--- WHAT THE EXERCISE ASKS ---
From the entries below, transcribe exactly the lines between the line holding "この1年間、同じたてわり班で" and the line holding "多頭飼育崩壊の現場からボラさんが救出、縁あって我が家で 里親探しをすることになりました 粉雪みたいな真っ白、1歳半の女の子です", inclusive; skip all other lines.

--- GIVEN ENTRIES ---

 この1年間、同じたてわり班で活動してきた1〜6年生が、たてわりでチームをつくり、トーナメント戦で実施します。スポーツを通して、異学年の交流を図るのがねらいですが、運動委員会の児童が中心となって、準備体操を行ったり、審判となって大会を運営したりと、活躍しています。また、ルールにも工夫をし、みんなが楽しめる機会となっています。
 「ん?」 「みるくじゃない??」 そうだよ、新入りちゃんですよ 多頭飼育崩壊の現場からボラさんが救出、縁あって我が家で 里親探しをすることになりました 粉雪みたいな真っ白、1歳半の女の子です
==
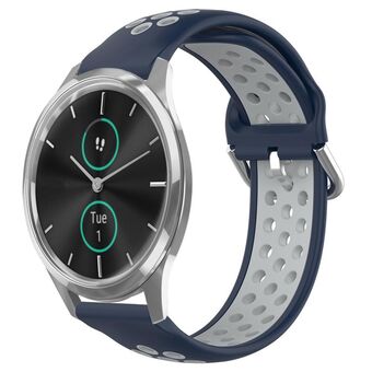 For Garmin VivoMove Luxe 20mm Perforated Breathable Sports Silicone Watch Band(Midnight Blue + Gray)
...
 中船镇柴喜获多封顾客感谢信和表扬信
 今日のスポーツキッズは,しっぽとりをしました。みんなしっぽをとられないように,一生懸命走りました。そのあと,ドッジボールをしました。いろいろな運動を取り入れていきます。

--- WRITTEN RESPONSE ---
 この1年間、同じたてわり班で活動してきた1〜6年生が、たてわりでチームをつくり、トーナメント戦で実施します。スポーツを通して、異学年の交流を図るのがねらいですが、運動委員会の児童が中心となって、準備体操を行ったり、審判となって大会を運営したりと、活躍しています。また、ルールにも工夫をし、みんなが楽しめる機会となっています。
 「ん?」 「みるくじゃない??」 そうだよ、新入りちゃんですよ 多頭飼育崩壊の現場からボラさんが救出、縁あって我が家で 里親探しをすることになりました 粉雪みたいな真っ白、1歳半の女の子です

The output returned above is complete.